In 2007, while researching possible ways to restore muscle growth in patients with muscular dystrophy, Sweeney and his colleagues created mice in a lab who continued to have enormous muscles and significant strength into old age.
The super mice were created by injecting normal mice with a virus containing the gene for insulin growth factor 1, or IGF-1, a protein that interacts with cells on the outside of muscle fibres and makes them grow.
They were nicknamed "Schwarzenegger mice" after the American bodybuilder and film star-turned politician. Scientists later reported success in treating dogs with wasted muscles with the same therapy.

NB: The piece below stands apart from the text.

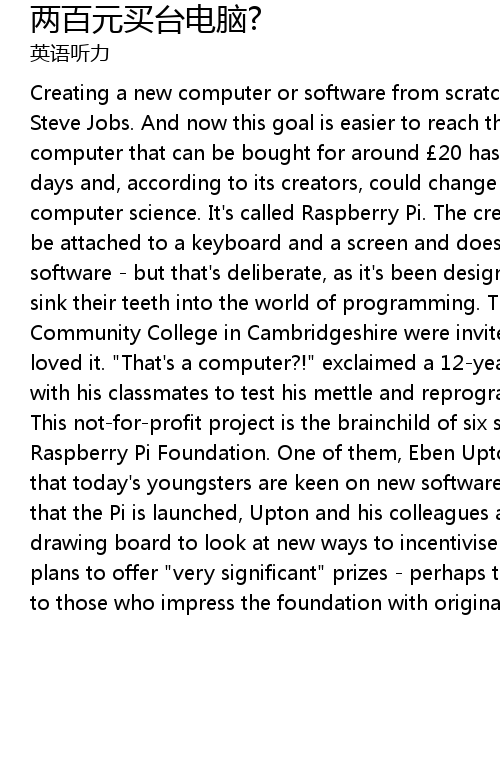 | Creating a new computer or software from scratch is the dream of many a budding Steve Jobs. And now this goal is easier to reach than ever. A new, lowcost computer that can be bought for around 20 has been launched in the last few days and, according to its creators, could change the way teenagers learn computer science. It' s called Raspberry Pi. The credit cardsized machine has to be attached to a keyboard and a screen and doesn' t come with any builtin software but that' s deliberate, as it' s been designed to encourage children to sink their teeth into the world of programming. The pupils of Chesterton Community College in Cambridgeshire were invited to roadtest Raspberry Pi and loved it. " That' s a computer?!" exclaimed a 12yearold boy before piling in with his classmates to test his mettle and reprogramme the classic game Snake. This notforprofit project is the brainchild of six scientists who set up the Raspberry Pi Foundation. One of them, Eben Upton, remains unfazed by suggestions that today' s youngsters are keen on new software but not on how it' s made. Now that the Pi is launched, Upton and his colleagues are already going back to the drawing board to look at new ways to incentivise children into coding. There are plans to offer " very significant" prizes perhaps totalling 1, 000 or more to those who impress the foundation with original programming. |

These experiments followed hot on the heels of "marathon mice", which hit the headlines in 2004 after researchers genetically engineered the lab animals by tweaking a gene called PPAR-delta.
The scientists found the genetically engineered mice could run twice as far as normal mice, and they stayed lean even when they were fed on a high-fat diet.
"So there's a technical precedent for this (performance enhancing genetic modification), but it's still uncertain quite how it would effect humans," said bioethicist Miah.
"And of course there are uncertainties about how those animals are effected in other ways - does it effect their fertility? Their longevity?"
In his book, Cooper relates the tale of an experiment conducted by Jim Wilson, one of Sweeney's colleagues at the University of Pennsylvania, who tested EPO gene therapy in macaque monkeys.
It initially worked as expected, increasing oxygen transport in the monkeys' blood. But the high concentrations of EPO soon produced so many red blood cells that the blood became like sludge and needed to be thinned at regular intervals.
Then the monkeys' EPO levels suddenly plummeted, leading to severe anaemia and forcing the scientists to end the experiment and euthanise the animals.
"These studies show that of all the doping techniques we are talking about ... gene doping is currently by far the most technically difficult and risky to attempt," Cooper writes.
Yet while such potentially life-threatening and unknown side effects are a major concern for people seeking to develop medicines to treat sick patients, would-be genetically modified Olympians may take a different view.
Experts said that to evaluate whether something as risky and unproven as gene doping is being tried in sports, it's important to see just how far athletes might go in pursuit of gold medals.
A frequently-cited survey in the world of sport gives a bleak picture. In it, Chicago-based Bob Goldman, a doctor and founder of the U.S. National Academy of Sports Medicine, asked elite athletes in the 1980s whether they would take an enhancement which guaranteed them gold medals but would also kill them within five years. More than half said yes.
"I was shocked to see that out of 198 world-class athletes, 52 percent would be willing to give up their life for five years of an undefeated run of wins," Goldman told Reuters during the 2004 Olympic Games in Athens.
He repeated the survey every two years for the next decade and the results were always the same - around half of the athletes polled were ready to die for gold. "Some of the athletes are only 16-years-old," Goldman said. "To be willing to die at 21 is a serious psychological mindset."
While no-one can be sure if genetically modified Olympians are swimming in pools or running on tracks right now, the lure of winning gold may make athletes more willing than most to take a dangerous genetic leap into the unknown.